Ozone is a powerful disinfectant. In fact, it is being used more and more in drinking water treatment plants to reduce our dependency on chlorine. Unfortunately, this power can impact agricultural food crops, like white beans, damaging tissue it comes in contact with. Similarly, if significant levels of ozone are breathed, it can attack the lining of our lungs. Even relatively low ozone levels, 50 parts per billion, can affect some very sensitive people, typically the young, the old, and folks with breathing disorders, like asthma. This health concern, and the fact that ozone levels have not been dropped over the last 20 years, is why the government is trying to find ways to reduce the ozone.

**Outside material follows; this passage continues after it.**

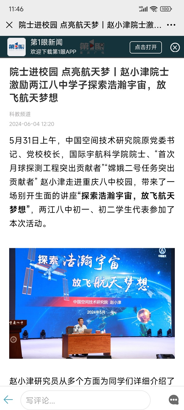 5月31日上午,中国空间技术研究院原党委书记、党校校长,国际宇航科学院院士、“首次月球探测工程突出贡献者”“嫦娥二号任务突出贡献者” 赵小津走进重庆八中校园,带来了一场别开生面的讲座“探索浩瀚宇宙,放飞航天梦想”,两江八中初一、初二学生代表参加了本次活动。

What can we do about it? We can drive less and make sure that our vehicles are properly tuned. That would largely help people downwind from us. Folks in Lambton County must hope that the trans-boundary movement of ozone-forming substances from the U.S. will also be reduced.
One word of caution for those who think that staying indoors working on their computer is the answer to avoiding ozone. Those printers, which rely on very high voltages to function, may emit ozone 10 times higher than that found outdoors.
Often we find the air indoors of poorer quality than outdoors. The best advice is to become well informed on the available indicators like Air Quality Index in weather apps or online at Air Quality Ontario and to enjoy the great outdoors sensibly.